An integral part of the consent process is providing the individual concerned with full information pertaining to the trial including the potential benefits (if any) and risks. This information may be provided in a number of ways which will depend on the context, but will usually comprise written information as well as a verbal explanation of what is involved. The language of both the written and verbal components has to be chosen carefully and should be phrased in non‐technical terms whenever possible. Clearly, the consent process must provide full details of the intervention options and should explain what the objectives of the trial are and that the interventions will be allocated using a chance mechanism. If participating in the trial involves extra medical examinations or requires more (possibly invasive) samples to be taken from the patient than would be routine for the condition concerned in standard practice, then this needs to be made clear.

Also, it is a requisite of the process that the individual should not be pressurised into giving consent so that, for example, adequate time should be allowed by the investigating team for individuals to decide and, often in the case of patients, to discuss the situation with relatives or friends. It should also be explained that even if consent is given, the subject is free to withdraw that consent at any time without compromising in any way the quality of their subsequent care.
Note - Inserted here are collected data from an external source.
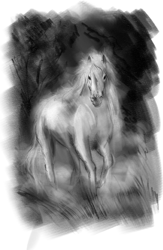 И тут вижу: вышагивает белоснежный конь, красавец, мне навстречу. Такой белизны и чистоты вовек глаз мой не видывал! Думаю я: что за чудо такое? Да ненароком вспоминаю рассказ мамкин, вздрагиваю. Но не верится ведь молодому лбу, что призрачный конь это, а не обычный! Подхожу я к животине, говорю ласково: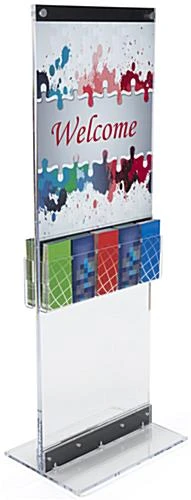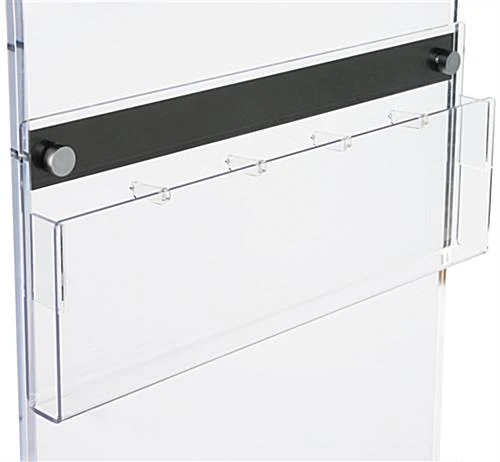 Use this brochure holder for FSPH poster stand series to expand your literature material storage space. Compatible with the clear acrylic sign frame, the silver standoffs from the complete unit is used to secure the add-on in place. Removable pocket dividers allow for more versatility and freedom with your material sizes. Clear construction provides a full view of the handouts placed within the 5 slots.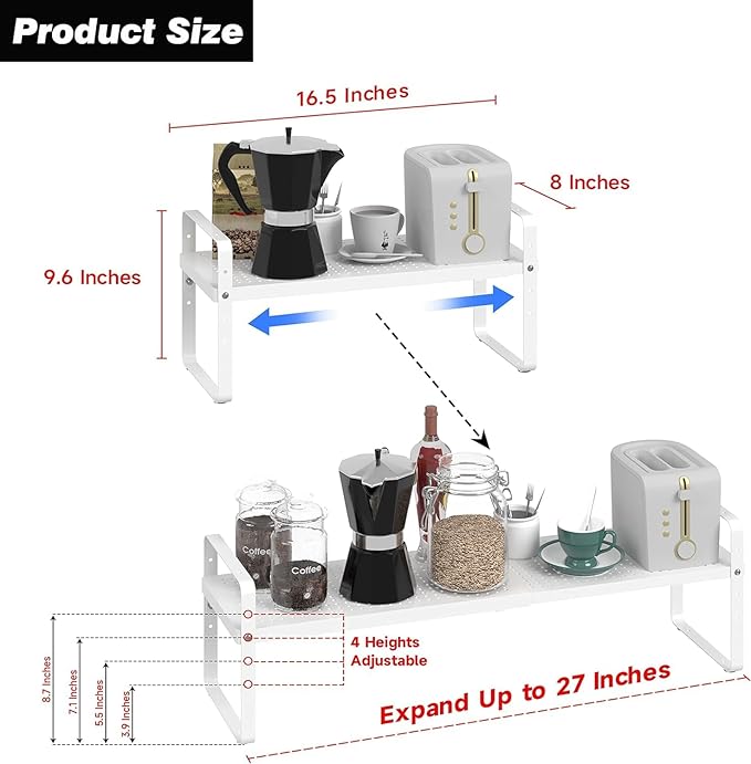 - EXTANDABLE KITCHEN COUNTERTOP ORGANIZER : This is a very flexible countertop organizer rack, and its height and length can be adjusted according to your needs. The size before expansion is 16.5 "L x 8" W x 9.6" H, the length of the shelf organizer can be stretched from 16.5 inches to 27 inches.
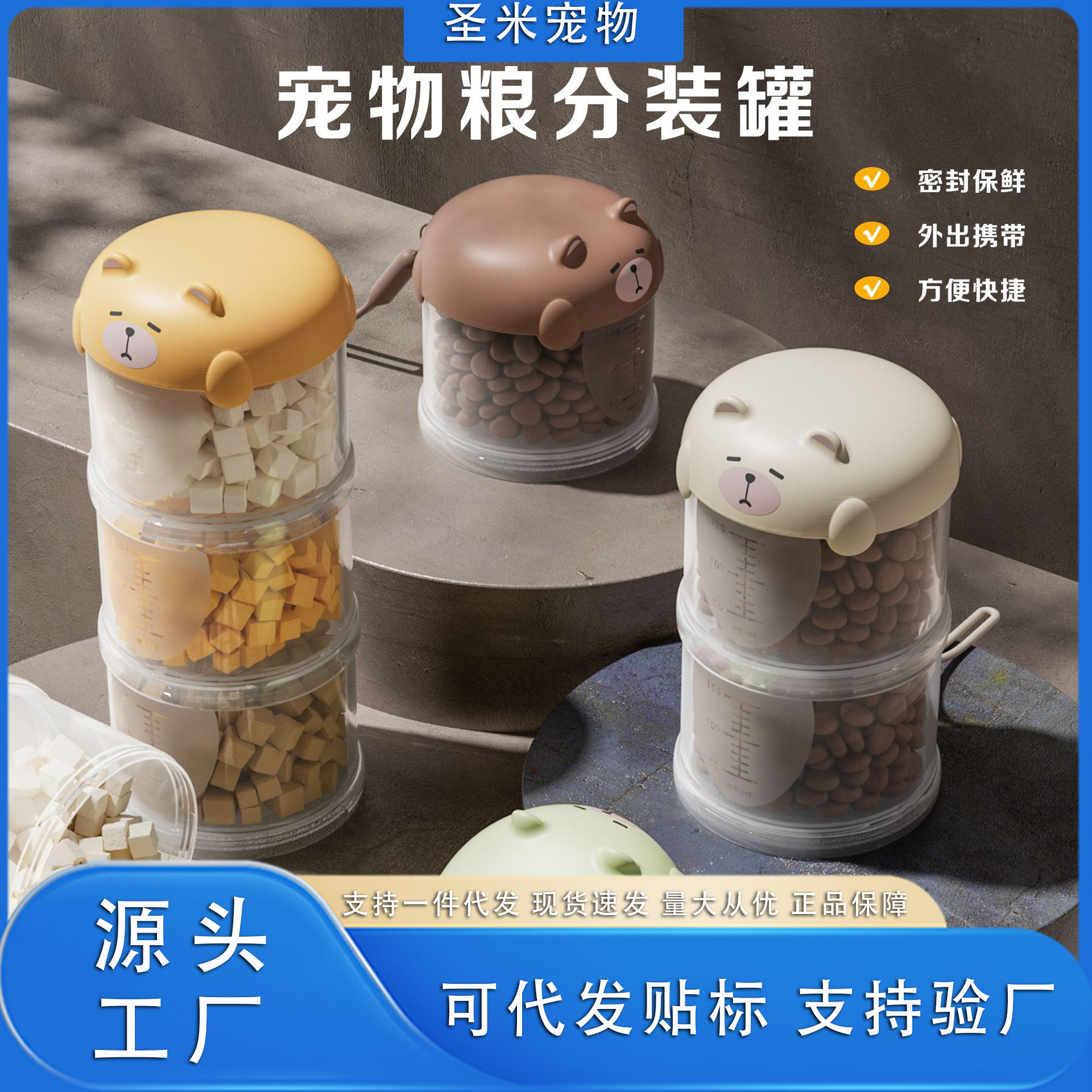 Ember penyimpanan makanan hewan peliharaan gaya Jepang sederhana disegel makanan anjing kucing ember makanan kapasitas besar penyimpanan makanan ringan disegel jar perlengkapan grosir

Regulatory requirements usually insist that the informed consent process is fully documented, and the consenting individual signs a consent form which is then appropriately witnessed. This part of the process will also need to be adapted to the particular circumstances. For example, in a trial concerning paediatric patients the consent process will be directed at the parent or legal guardian of the child who then consents on the child’s behalf. Other situations where the consent process may have to be carefully considered may be in accident and emergency situations, patients who are mentally compromised, have psychiatric conditions or who are frail and elderly.

It is important for the investigating team to be, and remain, fully conversant with local, national and even international regulations pertaining to the consent process. Although for international studies, it may be sufficient to write in the protocol, quite simply, that patients must give fully informed written and signed consent, and participating clinicians must also conform to local requirements.